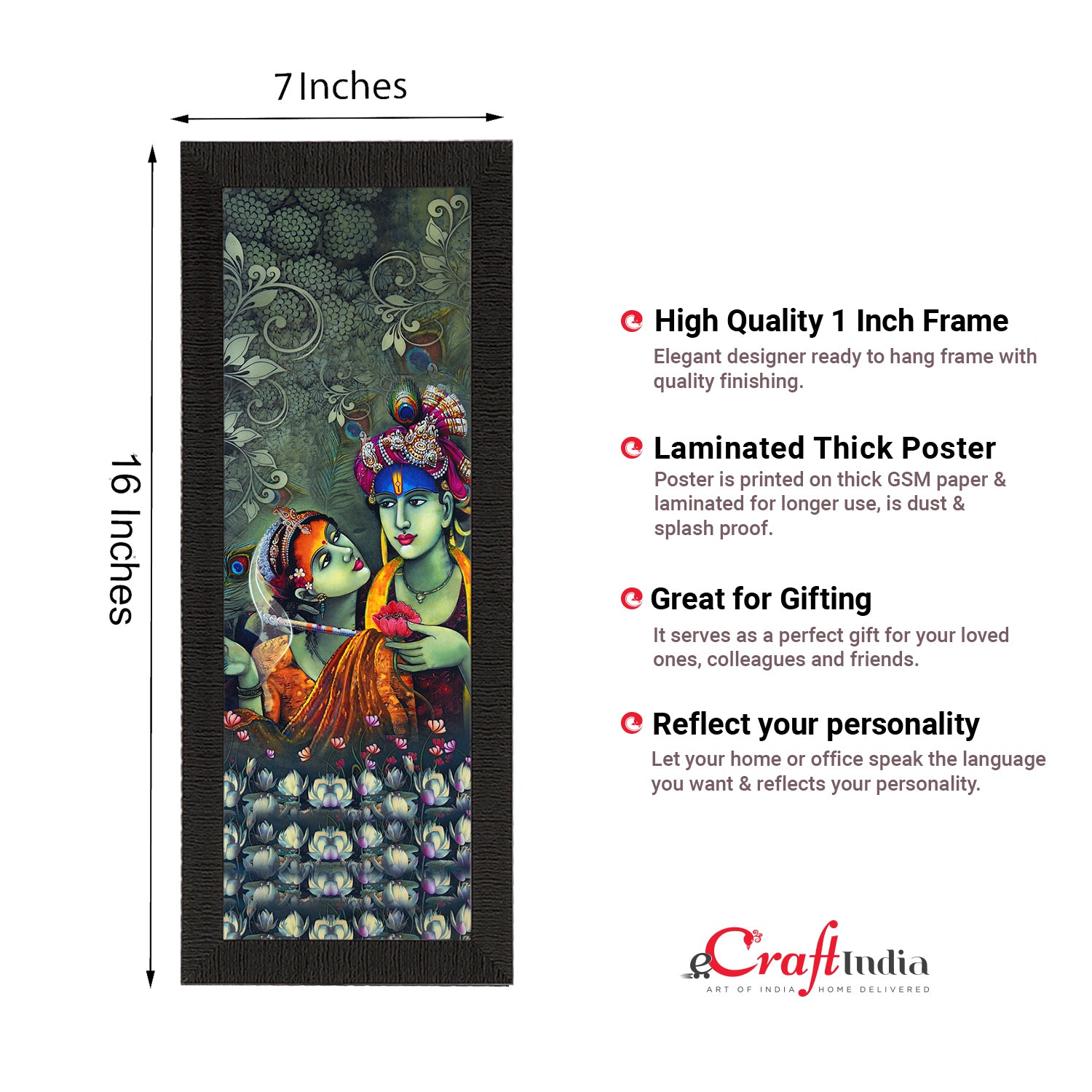 Product Description - Radha Krishna is known as the epitome of love & sacrifice. They are set as an example when it comes to ideal couples & relationships. All our paintings come in various hues as well as different add-ons that are surely going to enhance your wall decoration. Hence, these framed wall paintings make a great gift option for the newly weds, or your favorite couple that is bound to bring in love & good vibes always. Our Radha Krishna UV matt textured framed paintings are available in sets as well that will help you incorporate the entire wall space creatively. Each design reflects the artistic qualities and time one has taken to design this painting. These frames don't include glass so it is very lightweight and wet cloth can be used to clean them. Exquisitely printed and framed, it is also a perfect gifting option for your colleagues, loved ones, and family members.
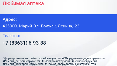 Любимая аптека по адресу 425000, Марий Эл, Волжск, Ленина, 23 в дальнейшем Организация, размещена в следующих категориях:
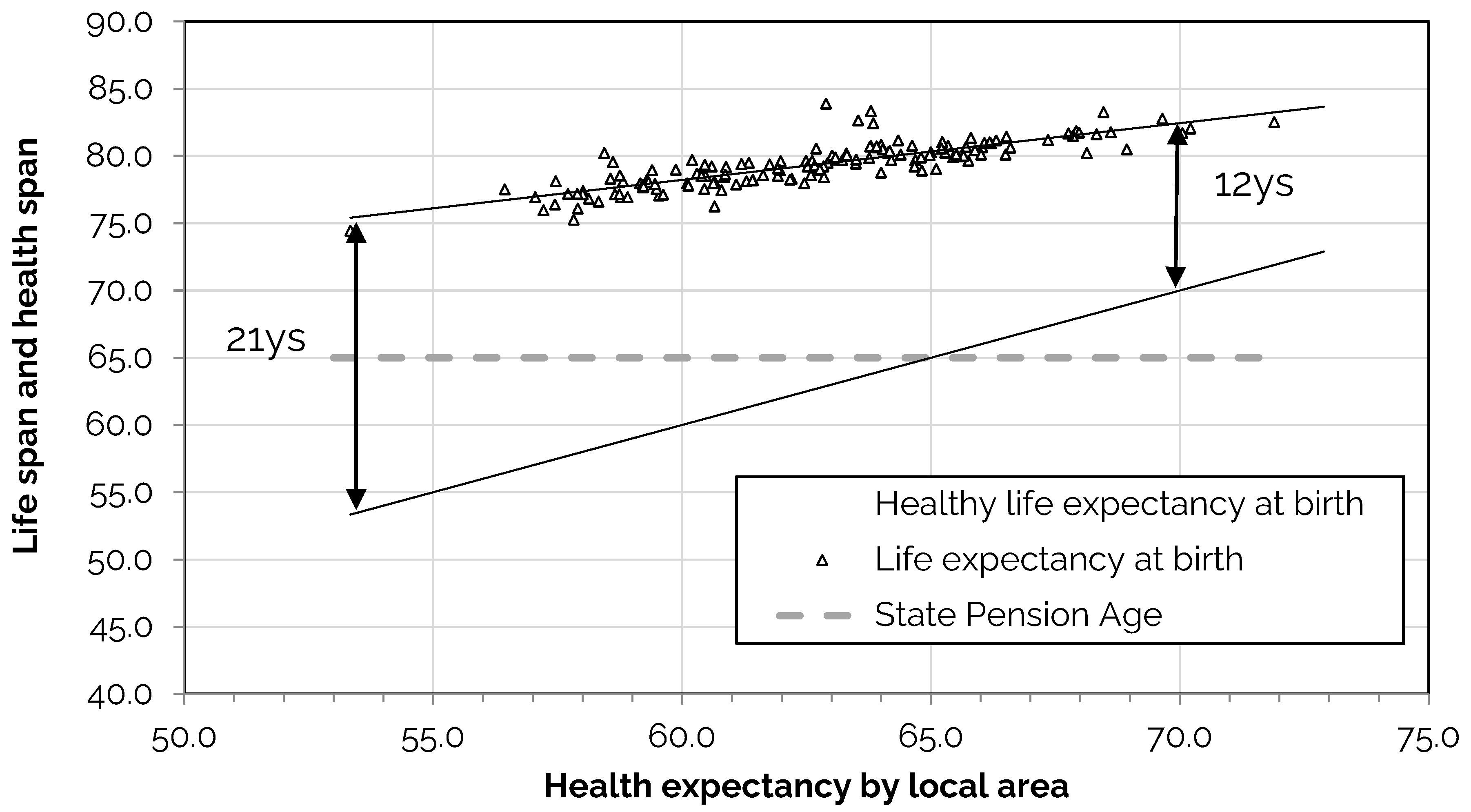 The asymmetrical relationship found between health and life span at the sub-national level resulted in deprived areas spending more years in poor health, as well as a greater proportion of their lives (
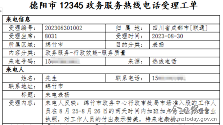 据了解,8月25日下午,市行政审批局市场准入窗口工作人员接到四川能投绵竹抽水蓄能开发有限公司经办人朱先生打来的电话,表示因公司业务问题,急需到窗口办理营业执照相关业务,且必须在8月26日内办理完,因他有事耽误了,可能会在窗口工作人员下班后才能到达现场办理。“不急,放心,你预约了我们加班也等你!”电话那头窗口工作人员的话让朱先生备感踏实。
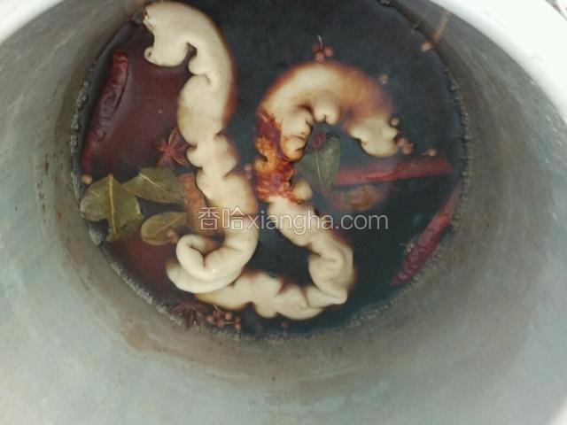 5.高压锅放适量清水,把大肠和所有材料放进去,干辣椒2个也放进去,这是微辣,不吃辣就不放,再倒入卤水汁约50克,老抽少许,盐少许(注意盐别放太多),盖上盖上汽后中小火再压20分钟(如果没高压锅砂锅煲最好,我是节约时间用的高压锅,砂锅或者电饭锅用时1小时);
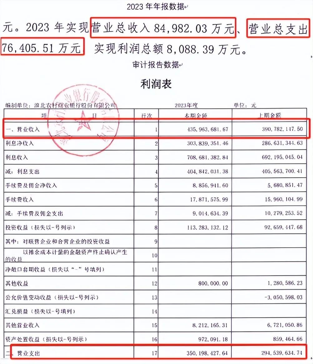 其次,2023年年报数据显示淮北农商行营业总收入为84982.03万元,但审计报告数据中,该行营业收入额为43596.37万元;同样的,年报数据显示该行营业总支出76405.51万元,但审计报告中的淮北农商行营业支出额为35019.84万元;
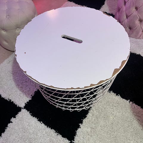 Annetaan kuvan sivu-/kukkapöytä. Ostettu ikeasta. Ehjä, mutta voisi kaivata maalausta kun pinta kärsinyt.
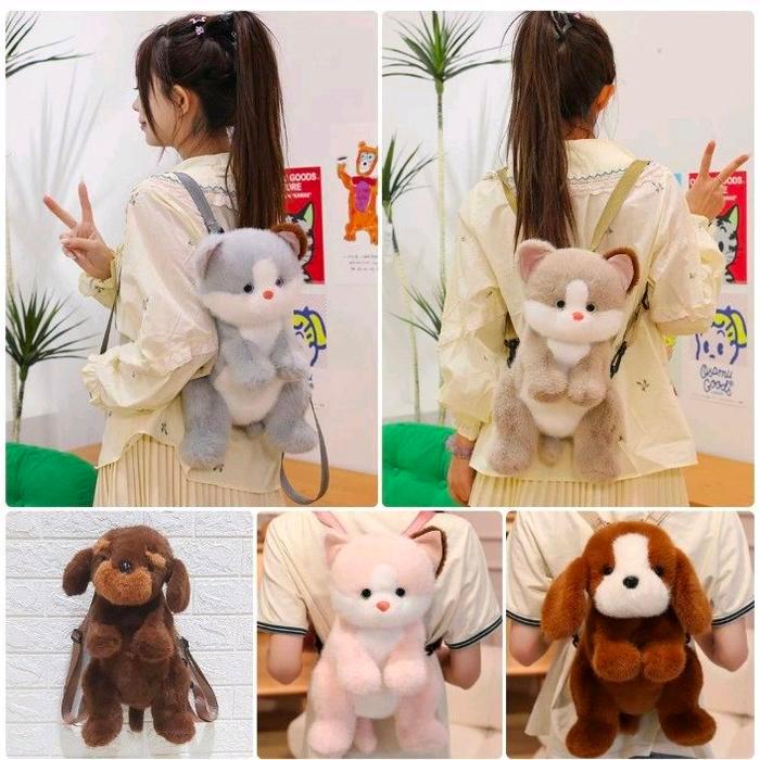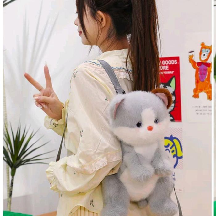 Bagpack Boneka Cute Animal Dog Cat Tas Ransel Boneka Tas Boneka - Cat Grey
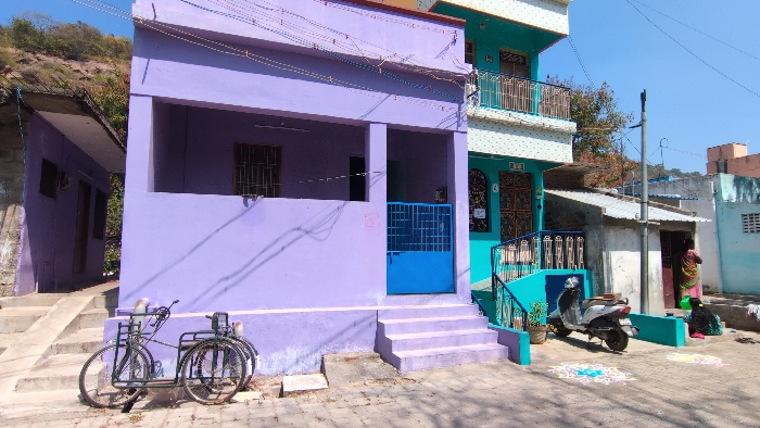 A vivid street scene showcases two houses painted in bright colors. The house on the left is purple with a blue gate, and a tricycle is parked in front. The house to the right is turquoise. A scooter is parked on the street in front of a small building with a metal roof. A woman in a colorful sari is seen near the scooter. The scene is bathed in bright sunlight.
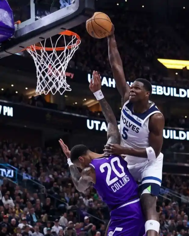Pero Edwards no es más futuro que presente. En el partido que jugó su equipo frente a Utah Jazz, que terminó en victoria de los Wolves por 114-104, con 32 puntos del joven escolta, fue el autor de una jugada memorable. Faltaban cinco minutos para el final del tercer cuarto y el propio Edwards tomó un balón suelto y comenzó el contraataque. Se la pasó a Nickeil Alexander-Walker, este se lo devolvió y el número 5 saltó por encima de su rival John Collins para anotar una espectacular volcada.
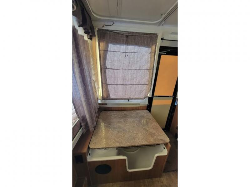 Along the road side wall you will find a single slide out 72" x 50" booth dinette. Next to the slide there is a swing galley with a three burner range and single sink. An optional refrigerator is under the three burner range if you choose to add that amenity.
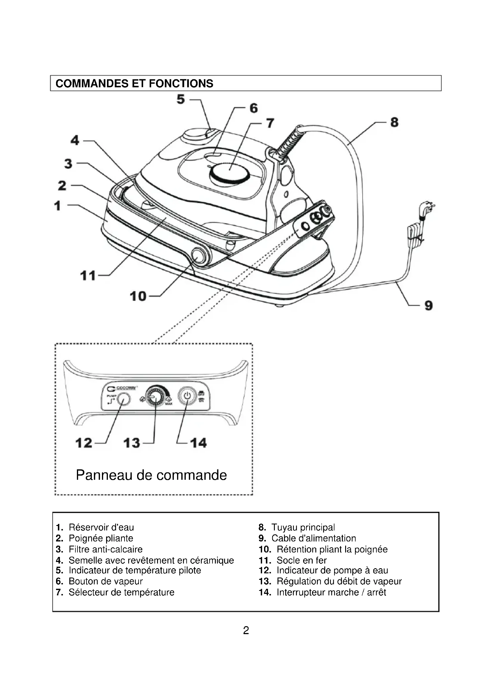 L’indicateur de fonctionnement de la pompe à eau, du régulateur de débit de vapeur et de l’interrupteur général de marche / arrêt se trouvent sur le panneau de commande. Indicateur de fonctionnement de la pompe à eau En appuyant sur le bouton de vapeur 6, cet indicateur s’allumera et la pompe à eau commencera à fonctionner, la vapeur sortant par les trous dans la semelle du fer.

▶ [Directions] The listing above is to be retyped word for word, with the pictures omitted.

▶ [Answer for this exercise]
 Product Description - Radha Krishna is known as the epitome of love & sacrifice. They are set as an example when it comes to ideal couples & relationships. All our paintings come in various hues as well as different add-ons that are surely going to enhance your wall decoration. Hence, these framed wall paintings make a great gift option for the newly weds, or your favorite couple that is bound to bring in love & good vibes always. Our Radha Krishna UV matt textured framed paintings are available in sets as well that will help you incorporate the entire wall space creatively. Each design reflects the artistic qualities and time one has taken to design this painting. These frames don't include glass so it is very lightweight and wet cloth can be used to clean them. Exquisitely printed and framed, it is also a perfect gifting option for your colleagues, loved ones, and family members.
 Любимая аптека по адресу 425000, Марий Эл, Волжск, Ленина, 23 в дальнейшем Организация, размещена в следующих категориях:
 The asymmetrical relationship found between health and life span at the sub-national level resulted in deprived areas spending more years in poor health, as well as a greater proportion of their lives (
 据了解,8月25日下午,市行政审批局市场准入窗口工作人员接到四川能投绵竹抽水蓄能开发有限公司经办人朱先生打来的电话,表示因公司业务问题,急需到窗口办理营业执照相关业务,且必须在8月26日内办理完,因他有事耽误了,可能会在窗口工作人员下班后才能到达现场办理。“不急,放心,你预约了我们加班也等你!”电话那头窗口工作人员的话让朱先生备感踏实。
 5.高压锅放适量清水,把大肠和所有材料放进去,干辣椒2个也放进去,这是微辣,不吃辣就不放,再倒入卤水汁约50克,老抽少许,盐少许(注意盐别放太多),盖上盖上汽后中小火再压20分钟(如果没高压锅砂锅煲最好,我是节约时间用的高压锅,砂锅或者电饭锅用时1小时);
 其次,2023年年报数据显示淮北农商行营业总收入为84982.03万元,但审计报告数据中,该行营业收入额为43596.37万元;同样的,年报数据显示该行营业总支出76405.51万元,但审计报告中的淮北农商行营业支出额为35019.84万元;
 Annetaan kuvan sivu-/kukkapöytä. Ostettu ikeasta. Ehjä, mutta voisi kaivata maalausta kun pinta kärsinyt.
 Bagpack Boneka Cute Animal Dog Cat Tas Ransel Boneka Tas Boneka - Cat Grey
 A vivid street scene showcases two houses painted in bright colors. The house on the left is purple with a blue gate, and a tricycle is parked in front. The house to the right is turquoise. A scooter is parked on the street in front of a small building with a metal roof. A woman in a colorful sari is seen near the scooter. The scene is bathed in bright sunlight.
Pero Edwards no es más futuro que presente. En el partido que jugó su equipo frente a Utah Jazz, que terminó en victoria de los Wolves por 114-104, con 32 puntos del joven escolta, fue el autor de una jugada memorable. Faltaban cinco minutos para el final del tercer cuarto y el propio Edwards tomó un balón suelto y comenzó el contraataque. Se la pasó a Nickeil Alexander-Walker, este se lo devolvió y el número 5 saltó por encima de su rival John Collins para anotar una espectacular volcada.
 Along the road side wall you will find a single slide out 72" x 50" booth dinette. Next to the slide there is a swing galley with a three burner range and single sink. An optional refrigerator is under the three burner range if you choose to add that amenity.
 L’indicateur de fonctionnement de la pompe à eau, du régulateur de débit de vapeur et de l’interrupteur général de marche / arrêt se trouvent sur le panneau de commande. Indicateur de fonctionnement de la pompe à eau En appuyant sur le bouton de vapeur 6, cet indicateur s’allumera et la pompe à eau commencera à fonctionner, la vapeur sortant par les trous dans la semelle du fer.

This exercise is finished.